What is the shortest computer program for which it is not known whether or not the program halts?

Of course, this depends on the description language; I also have the following vague question:

To what extent does this depend on the description language?

Here's my motivation, which I am sure is known but I think is a particularly striking possibility for an application to mathematics:

Let $P(n)$ be a statement about the natural numbers such that there exists a Turing machine $T$ which can decide whether $P(n)$ is true or false. (That is, this Turing machine halts on every natural number $n$, printing "True" if $P(n)$ is true and "False" otherwise.) Then the smallest $n$ such that $P(n)$ is false has low Kolmogorov complexity, as it will be printed by a program that tests $P(1)$, then $P(2)$, and so on until it reaches $n$ with $P(n)$ false, and prints this $n$. Thus the Kolmogorov complexity of the smallest counterexample to $P$ is bounded above by $|T|+c$ for some (effective) constant $c$.

Let $L$ be the length of the shortest computer program for which the halting problem is not known. Then if $|T|+c < L$, we may prove the statement $\forall n, P(n)$ simply by executing all halting programs of length less than or equal to $|T|+c$, and running $T$ on their output.
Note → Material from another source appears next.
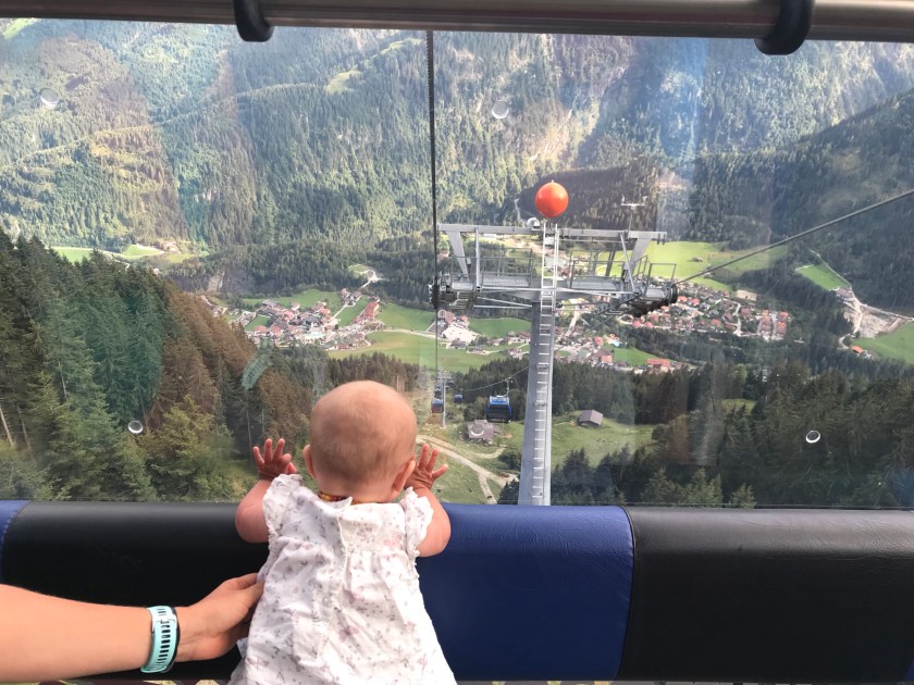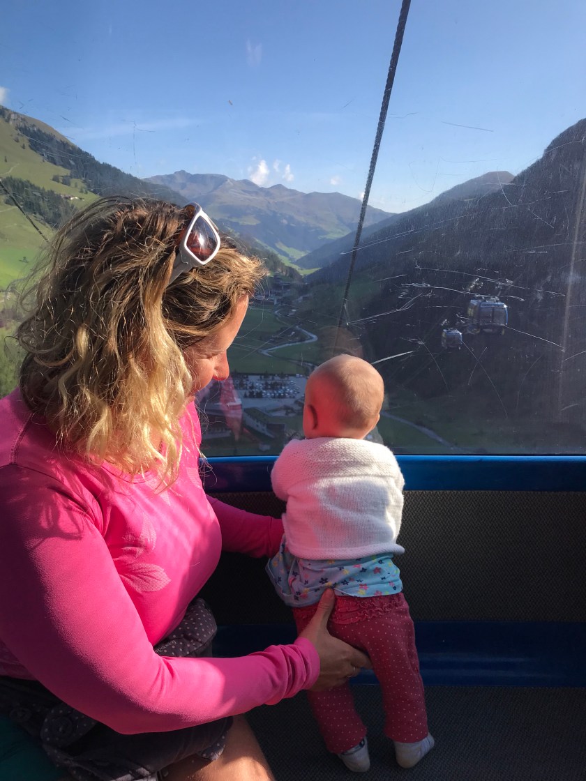 First lesson of this day was don’t waste time trying to drive to the top of a lift to save on some cable car money (my idea). The result was a VERY narrow hairpin mountain road with very few barriers and very steep drops (why is it that holding on to the door inside the car in these situations somehow helps the nerves?!). Halfway up this nerve racking road we then got to a barrier that you clearly only get a pass for if you live this high up the mountain. So back down we went, and after some deliberation about options, we boarded the Finkenbergen Almbahnen cable car to its middle station.

If $T$ outputs "True" for these finitely many numbers, then $P$ is true.

Of course, the Halting problem places limits on the power of this method.

Essentially, this question boils down to: What is the most succinctly stateable open conjecture?

EDIT: By the way, an amazing implication of the argument I give is that to prove any theorem about the natural numbers, it suffices to prove it for finitely many values (those with low Kolmogorov complexity). However, because of the Halting problem it is impossible to know which values! If anyone knows a reference for this sort of thing I would also appreciate that.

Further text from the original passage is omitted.